Ibrahim told Al Jazeera that her political activism began when she started talking to people who were involved in the labour movement, and that her family was uncomfortable with her going to protests. She became involved in the Egyptian revolution of 2011 as an organizer, additionally engaging in citizen journalism by using social media including Twitter while attending protests "to spread accurate information and paint a picture at the ground". Ibrahim and other Egyptian youth on Twitter played a leading role in organizing the events of January 25, 2011. Her tweets also helped to document arrests and state violence for human rights groups.

In October 2011, Ibrahim reported that she had been briefly arrested while filming a strike action by public transport workers in Cairo, and was released after agreeing to delete her footage.

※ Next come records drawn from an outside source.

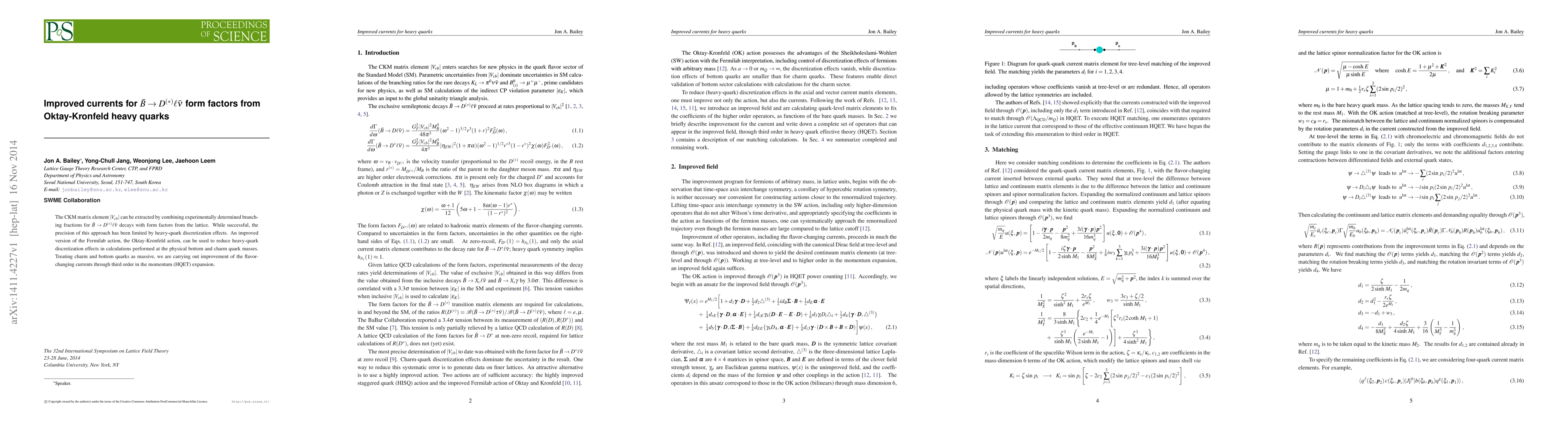 The CKM matrix element $|V_{cb}|$ can be extracted by combining experimentally determined branching fractions for $\bar{B}\to D^{(*)}\ell\bar{\nu}$ decays with form factors from the lattice. While successful, the precision of this approach has been limited by heavy-quark discretization effects. An improved version of the Fermilab action, the Oktay-Kronfeld action, can be used to reduce heavy-quark discretization effects in calculations performed at the physical bottom and charm quark masses. Treating charm and bottom quarks as massive, we are carrying out improvement of the flavor-changing currents through third order in the momentum (HQET) expansion.
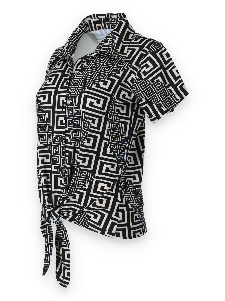 Módní dámská propínací košile s krátkým rukávem a vázáním v pase
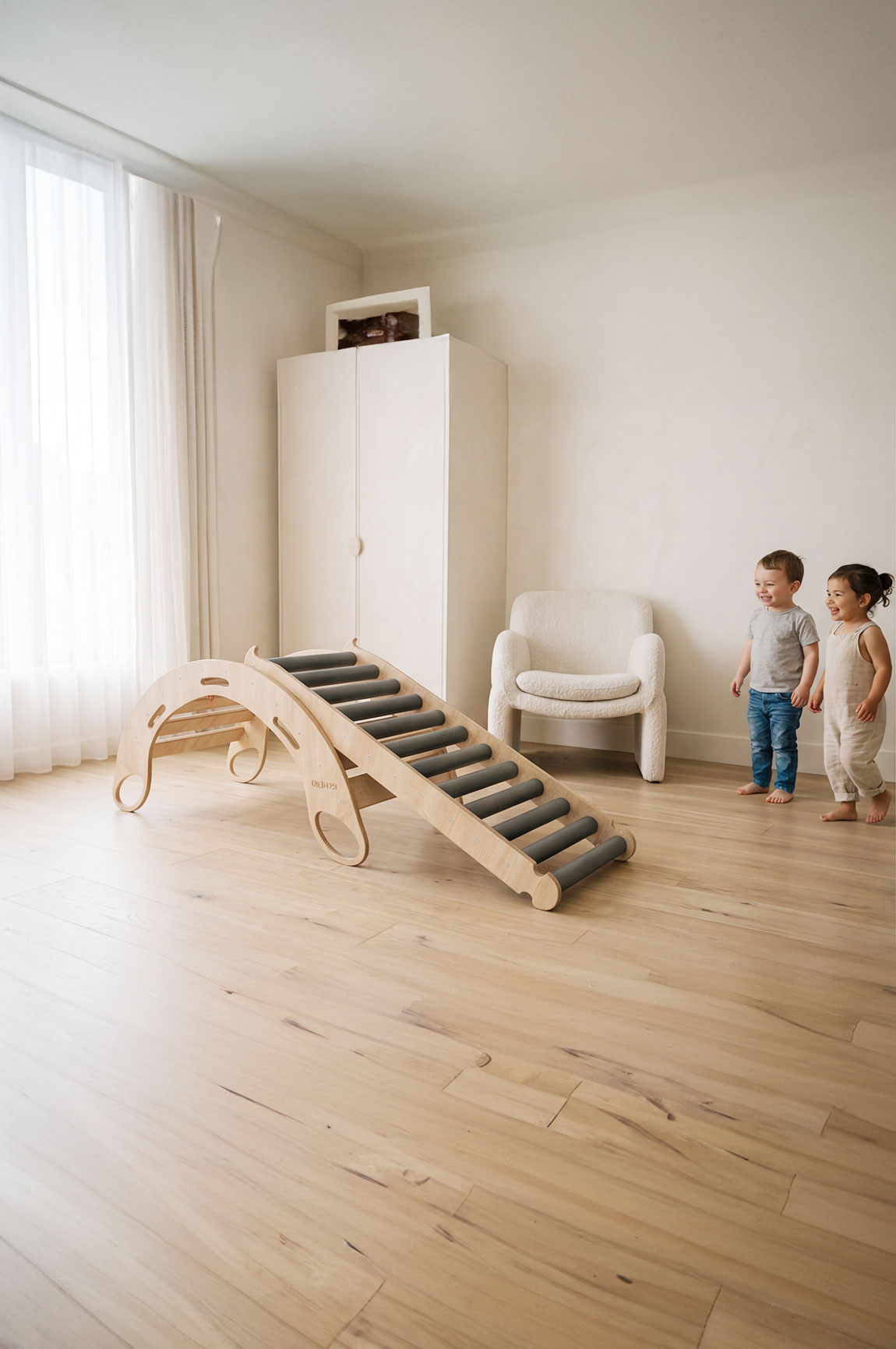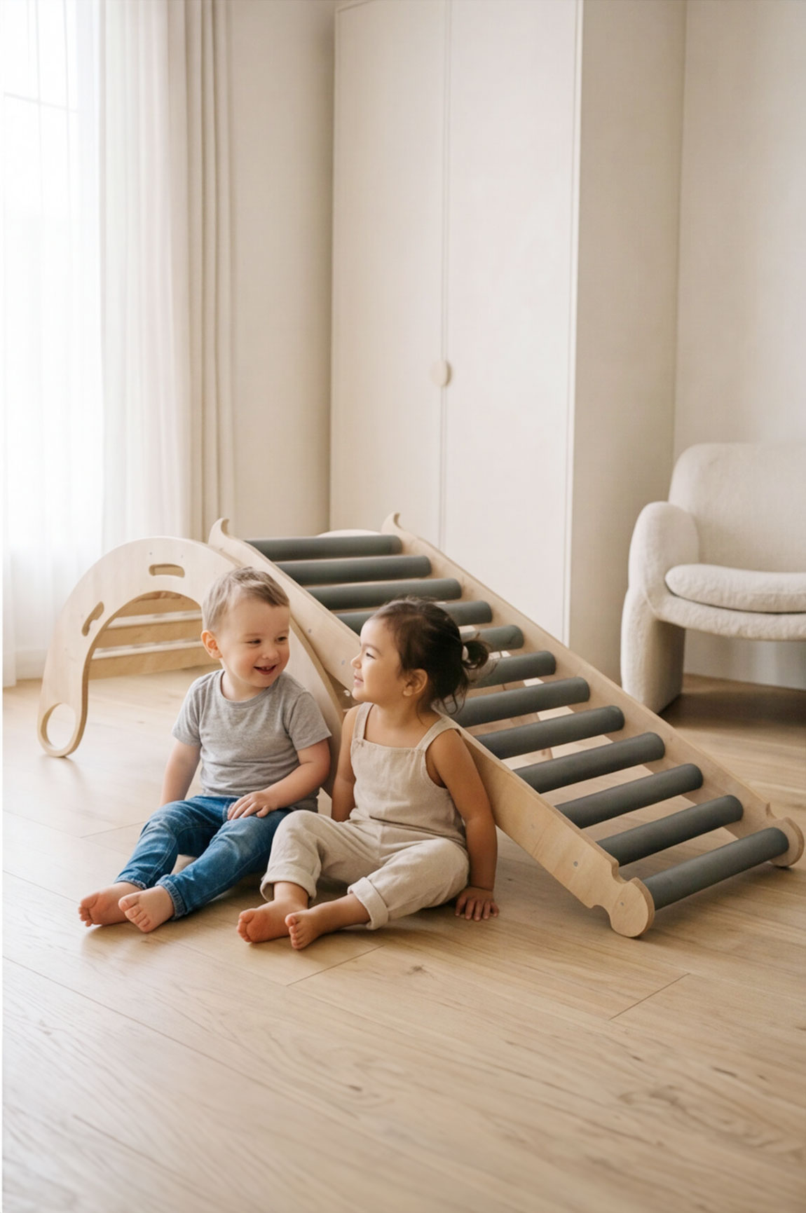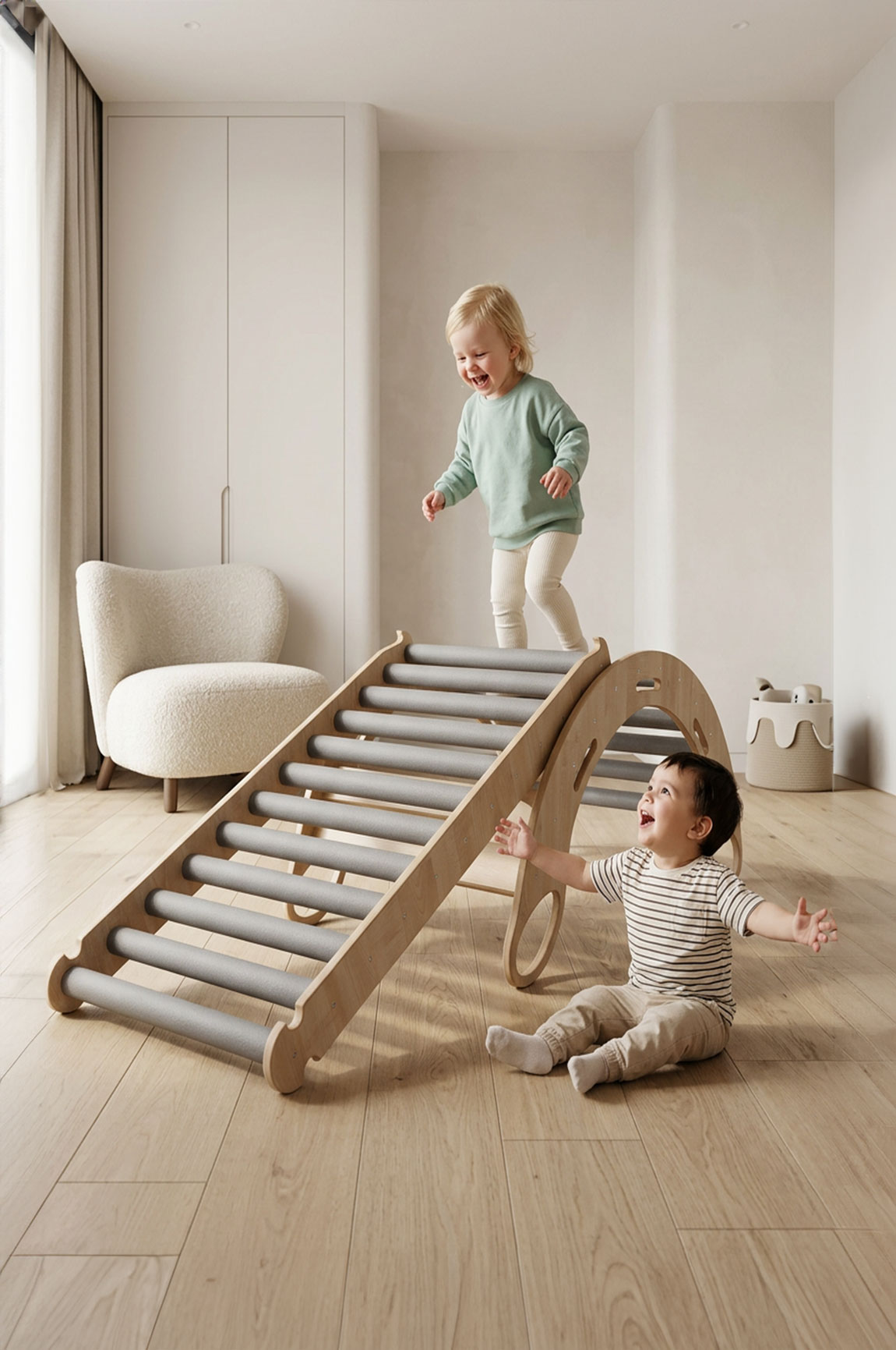 Po połączeniu zjeżdżalni rolkowej z bujakiem Twoje dziecko zyskuje domową przestrzeń do wspinania, balansowania, przechodzenia i zjeżdżania. To zestaw, który nie tylko daje ogromną radość, ale także wspiera rozwój motoryczny, sensoryczny i koordynacyjny już od najmłodszych lat.

By winter of 2012, Ibrahim had more than 30,000 followers on Twitter, and was active in protests against the Supreme Council of the Armed Forces.

=== Reception by Western media ===

Time magazine cover from February 28, 2011, with Ibrahim at bottom right.

Ibrahim became a face of the events in Egypt for much of the media. She regularly appeared on CNN, sometimes live from the 2011 protests, and additionally reported live from the protests on Al Jazeera. Her political views were rarely mentioned in Western media.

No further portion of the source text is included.